-
Notifications
You must be signed in to change notification settings - Fork 0
1) Dataframes
A dataframe is a set of columns representing a data grid
You can create a dataframe using:
// A dataframe contains columns
// A column is composed of a name and set of data
var df = Dataframes.create(
new Column<>("x", 0, 1, 2, 3, 4, 5),
new Column<>("y", 0, 1, 2, 3, 4, 5)
);
// Displays the last 10 lines of the dataframe
df.tail();
You can also print the content dataframe this way:
// Defines the number of rows you want to display from the top
df.show(10)
// Defines an interval
df.show(0, 10)
You can also use lists to declare your columns:
var df = Dataframes.create(
new Column<>("x", IntStream.range(0, 10).boxed().collect(Collectors.toList())),
new Column<>("y", LongStream.range(0, 10).boxed().collect(Collectors.toList())),
new Column<>("z", List.of(0D, 1D, 2D, 3D, 4D, 5D, 6D, 7D, 8D, 9D))
);
df.tail();
var df = Dataframes.create(
new String[]{"x", "y", "z"}, new Row(1, 2, 3), new Row(4, 5, 6), new Row(7, 8, 8), new Row(10, 11, 12)
);
df.tail();
// Loads a CSV with "," separator and "\"" enclosures as default and loading
// the first line as the header for column names
var df = Dataframes.csv("/path/to/filename.csv");
// Here you define which separator you want to use
var df = Dataframes.csv("/path/to/filename.csv", ";");
// You can also chose to have no header, the columns will default to
// c0, c1, ...
var df = Dataframes.csv("/path/to/filename.csv", ";", "\'", false);
In order to get your data ready for ML operations, you can use the TrainTestDataframe
decorator to help you
// Use the dedicated methods to create your dataframes
var df = Dataframes.trainTest(
new Column<>("x", 0, 1, 2, 3, 4, 5),
new Column<>("y", 0, 1, 2, 3, 4, 5)
);
df = Dataframes.trainTest(
new String[]{"x", "y", "z"}, new Row(1, 2, 3), new Row(4, 5, 6), new Row(7, 8, 8), new Row(10, 11, 12)
);
df = Dataframes.csvTrainTest("/path/to/filename.csv", ";", "\"", false);
// You can then set your split threshold (between 0 or 1), shuffle your data, and then get your train test split data
// Default split value is 0.75
var dfSplit = df.setSplitValue(0.65).shuffle().split();
dfSplit.train().tail();
dfSplit.test().tail();
If you only want to select a set of your columns within your dataframe:
var df = Dataframes.create(
new Column<>("x", IntStream.range(0, 10).boxed().collect(Collectors.toList())),
new Column<>("y", LongStream.range(0, 10).boxed().collect(Collectors.toList())),
new Column<>("z", List.of(0D, 1D, 2D, 3D, 4D, 5D, 6D, 7D, 8D, 9D))
);
var newDf = df.select("x", "z");
You can add a column on the go:
// Will add the "w" column
var newDf = df.addColumn(new Column<>("w", List.of(0D, 1D, 2D, 3D, 4D, 5D, 6D, 7D, 8D, 9D)));
Whenever you wish to remove columns:
// Keep all but "x" and "z" columns
var newDf = df.mapWithout("x", "z");
You can supply an new column with a Java Supplier:
// Will supply a new column with the value of the supplier
var newDf = df.map("expOfZero", () -> Math.exp(0));
You can add a new column based on the value of another using Java Functions:
// This will create the column "expOfX"
// and will apply "Math::exp" from the "x"

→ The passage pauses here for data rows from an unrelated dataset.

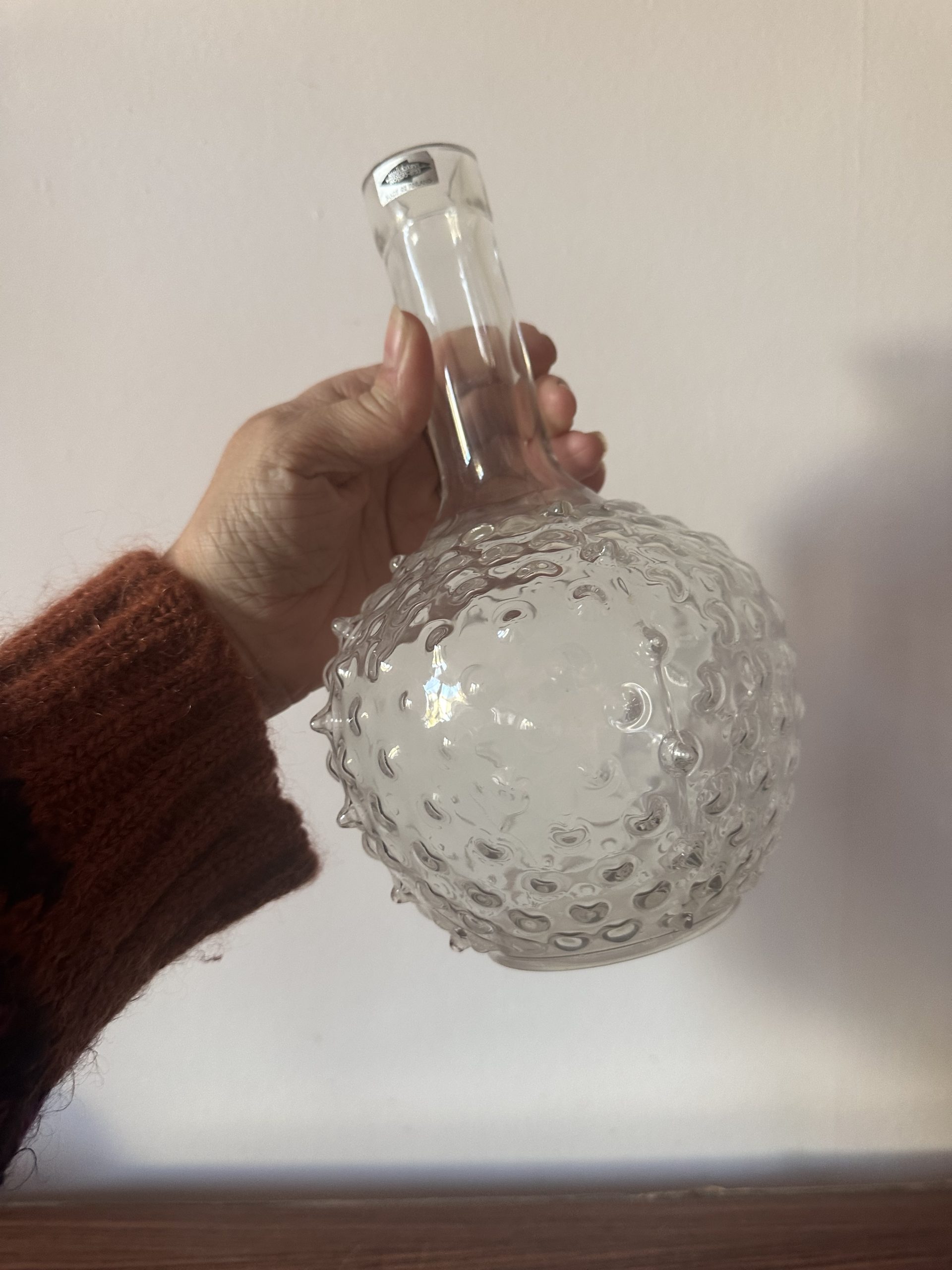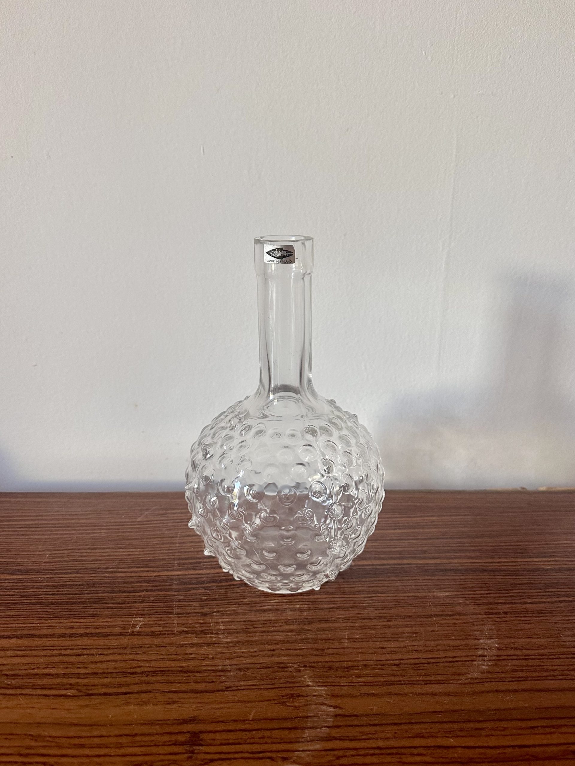 Il s’agit d’un vase ou d’une bouteille décorative vintage en verre clair de la marque finlandaise Nuutajärvi Lasi et imaginée par la designeuse Saara Hopea. Elle est bonne état avec l’autocollant de production encore visible.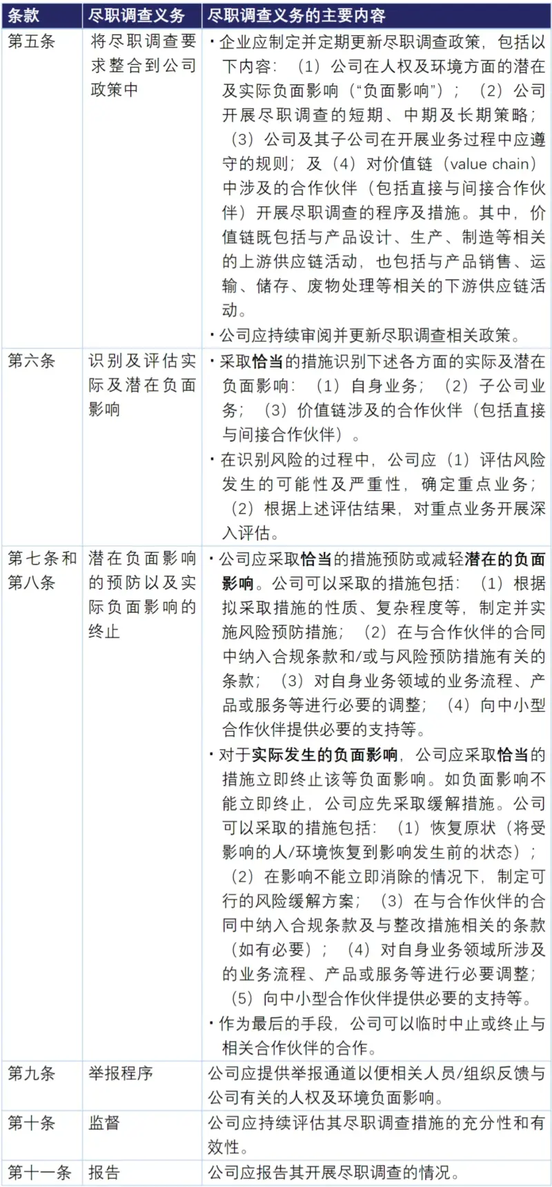 在欧盟供应链法案(草案)项下,企业应采取何种尽职调查措施取决于企业所在行业的特点、具体的经营活动内容、产品或服务的性质、风险的严重程度及可能性、公司的规模及能力等多个因素。换言之,企业的影响力越大、违法行为发生的可能性与严重程度被认为越高,企业承担的供应链尽职调查责任可能越重。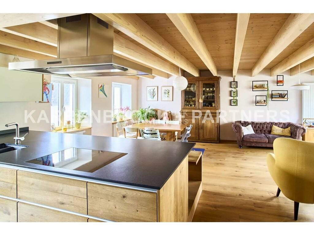 This enchanting property from 1850, which was carefully renovated in 2018, combines the charm of the past with modern living comfort. With a generous living area of 175 m², the house offers plenty of space and a bright, inviting atmosphere. The heart of the house is the open-plan living and dining area, which is directly adjacent to the kitchen. Large window fronts provide plenty of daylight and offer a seamless transition to the large terrace and the idyllic garden.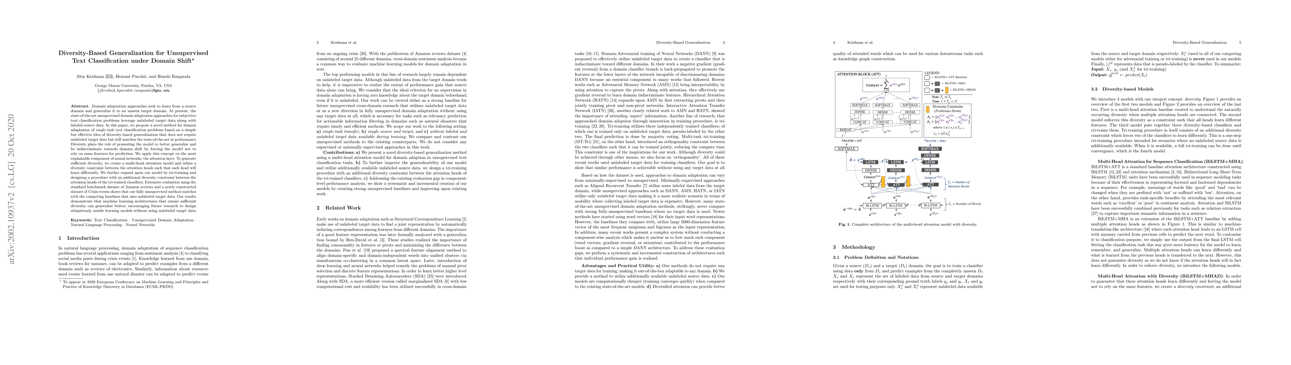 Domain adaptation approaches seek to learn from a source domain and generalize it to an unseen target domain. At present, the state-of-the-art unsupervised domain adaptation approaches for subjective text classification problems leverage unlabeled target data along with labeled source data. In this paper, we propose a novel method for domain adaptation of single-task text classification problems based on a simple but effective idea of diversity-based generalization that does not require unlabeled target data but still matches the state-of-the-art in performance. Diversity plays the role of promoting the model to better generalize and be indiscriminate towards domain shift by forcing the model not to rely on same features for prediction. We apply this concept on the most explainable component of neural networks, the attention layer. To generate sufficient diversity, we create a multi-head attention model and infuse a diversity constraint between the attention heads such that each head will learn differently. We further expand upon our model by tri-training and designing a procedure with an additional diversity constraint between the attention heads of the tri-trained classifiers. Extensive evaluation using the standard benchmark dataset of Amazon reviews and a newly constructed dataset of Crisis events shows that our fully unsupervised method matches with the competing baselines that uses unlabeled target data. Our results demonstrate that machine learning architectures that ensure sufficient diversity can generalize better; encouraging future research to design ubiquitously usable learning models without using unlabeled target data.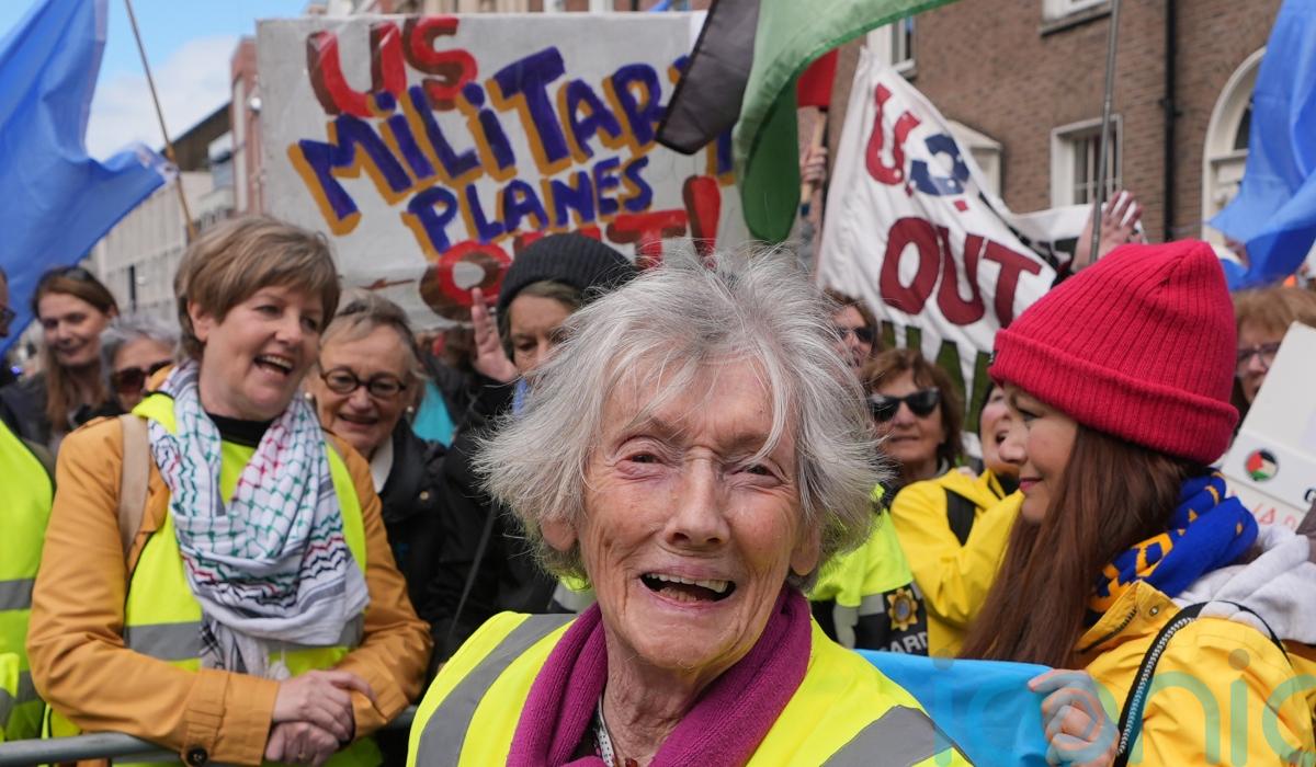 A 91-year-old woman has walked 220km to protest against the US military’s use of a Co Clare airport.

// column to the "expOfX" column
var newDf = df.map("expOfX", Math::exp, "x");
// You can also use more complex Functions and deal with other types
var newDf = df.map("Label Name", (Integer i) -> "Number " + i, "x");
You can create a column based on the values of 2 other using Java BiFunctions:
// Same as the Java Functions but it will receive 2 output columns
// as parameters
var newDf = df.map("x * y", (Integer x, Long y) -> x * y, "x", "y");
You can filter rows of your dataframe using Java Predicates:
// This will only keep the rows where the value of the column "x" is prime
var newDf = df.filter("x", IntMath::isPrime);
You can also filter rows of your dataframe using Java BiPredicates:
var df = Dataframes.create(
new Column<>("a", List.of(0D, 1D, 2D, 3D, 4D, 5D)),
new Column<>("b", List.of(5D, 4D, 3D, 2D, 1D, 0D))
);
// This will only keep the rows where the value of the column "x" is prime
var newDf = df.filter("a", "b", (Double a, Double b) -> a > b);
Whenever you have a column in your dataset containing labels, you can apply one hot encoding into your dataframe for further exploit.
var df = Dataframes.create(
new Column<>("colors", List.of("red", "green", "blue", "yellow"))
);
// This will denormalize the column "color" into 4 columns
// respectively to the number of labels (here 4)
// the value of that column will be "true" if the initial value was the
// color itself, otherwise false
var oneHotEncodeDf = df.oneHotEncode("colors");
oneHotEncode.tail();
Output:
=======================================
colors ║ blue ║ green ║ red ║ yellow
=======================================
red ║ false ║ false ║ true ║ false
=======================================
green ║ false ║ true ║ false ║ false
=======================================
blue ║ true ║ false ║ false ║ false
=======================================
yellow ║ false ║ false ║ false ║ true
=======================================
You can transform one of the column of your Dataframe into an ND4J vector : INDArray
var df = Dataframes.create(
new Column<>("n", List.of(1, 2, 3, 4)),
new Column<>("colorsStr", List.of("1.1", "2", "3.2", "4.4")),
new Column<>("colors", List.of("red", "green", "blue", "yellow"))
);
// Will transform the column into an INDArray column vector (Matrix shape : [4, 1])
var numberVector = df.toVector("n");
// Output:
// [[0],
// [1.0000],
// [2.0000],
// [3.0000],
// [4.0000]]
// If your strings are number-like, it will be automatically parsed into an Double or a Long
var numberVector = df.toVector("colorsStr");
// Will throw an Exception since these are labels
var numberVector = df.toVector("colors");
You can transform some of the columns or your entire Dataframe into an ND4J matrix : INDArray
// Let's say you have a matrix with a few values one hot encoded
var df = Dataframes.create(
new Column<>("n", List.of(1, 2, 3, 4)),
new Column<>("colorsStr", List.of("1.1", "2", "3.2", "4.4")),
new Column<>("colors", List.of("red", "green", "blue", "yellow"))
).oneHotEncode("colors");
// You can define all the columns you want to include in your Matrix
var matrixWithColInput = df.toMatrix("n", "colorsStr", "red", "green", "blue", "yellow");
// You can remove an unwanted column before turning the dataframe into a matrix
// Without defining the columns
var matrixWithoutColInput = df.mapWithout("colors").toMatrix();
// both result will return a matrix with the shape [4, 6]